Some useful links:
http://gcc.gnu.org/wiki/GeertBosch contains information regarding the semantics of floating point math in GCC.
http://gcc.gnu.org/wiki/FP_BOF contains summary of the general policy of floating point arithmetic in GCC BOF (2007 GCC Summit)
Optimizing SSE and x87 Math
Benjamin Redelings asked a question about math builtins
- I am currently trying to get my code working under g++ 4.0, because of the possibility for improved optimization. My code includes both
(1) matrix multiplies / dot products
(2) a lot of log1p / exp calls.
In reply to this mail Uros Bizjak wrote a recommendation which flags to use math optimization
If x87 intrinsics are needed, then you should use -mfpmath=387. This flag does not mean that all SSE instructions will be disabled, but it instructs the compiler to use x87 registers and instructions for float and double (for SSE2) math calculations.
Consider this code:
double test(double a, double b) { double c; c = 1.0 + sin (a + b*b); return c; }
Without disabling the intrinsic sin function, -mfpmath=sse would generate:
movsd 16(%ebp), %xmm0 mulsd %xmm0, %xmm0 addsd 8(%ebp), %xmm0 movsd %xmm0, (%esp) fsin fstpl -8(%ebp) movsd -8(%ebp), %xmm0 addsd .LC1, %xmm0 movsd %xmm0, -8(%ebp) fldl -8(%ebp)
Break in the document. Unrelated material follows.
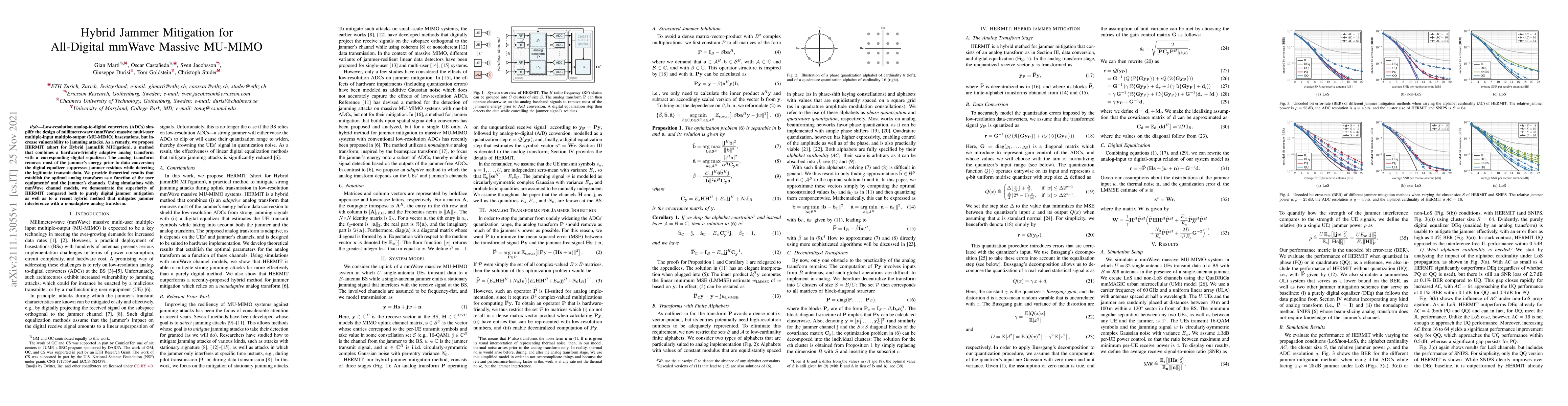 The paper proposes HERMIT, a hybrid method combining adaptive analog and digital techniques to mitigate jamming attacks in low-resolution ADCs for mmWave massive MU-MIMO systems. HERMIT's analog transform reduces jammer energy before conversion, while the digital equalizer further suppresses residual interference, outperforming both purely digital and nonadaptive hybrid approaches in simulations.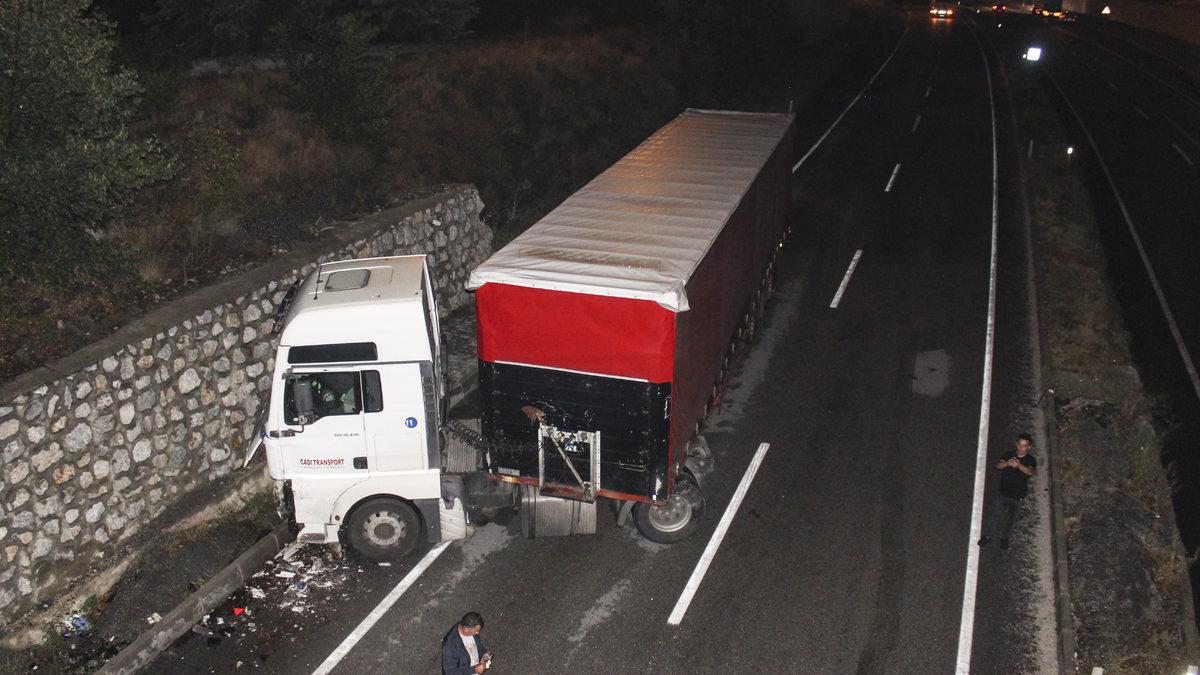 Olayı gören Çetin Bekiroğlu yönetimindeki 61 ABS 274 plakalı tır, kaza yapan araca çarpmamak için durdu. Bu esnada sürücüsünün ismi öğrenilemeyen 01 641 AX plakalı tır, yolda duran Çetin Bekiroğlu'nun kullandığı tıra arkadan çarptı.

You can see, that a lot of register moving is needed to move registers to right place. With -mfpmath=387, the produced asm code looks a lot better:
fldl 16(%ebp) fmul %st(0), %st faddl 8(%ebp) popl %ebp fsin faddl .LC1
The cost of moving register to/from memory either for SSE or x87 register is quite high, and could easily kill the perfomance gains of SSE code (additional min/max insns and non-stack nature of SSE registers without the need for exchanging registers to death).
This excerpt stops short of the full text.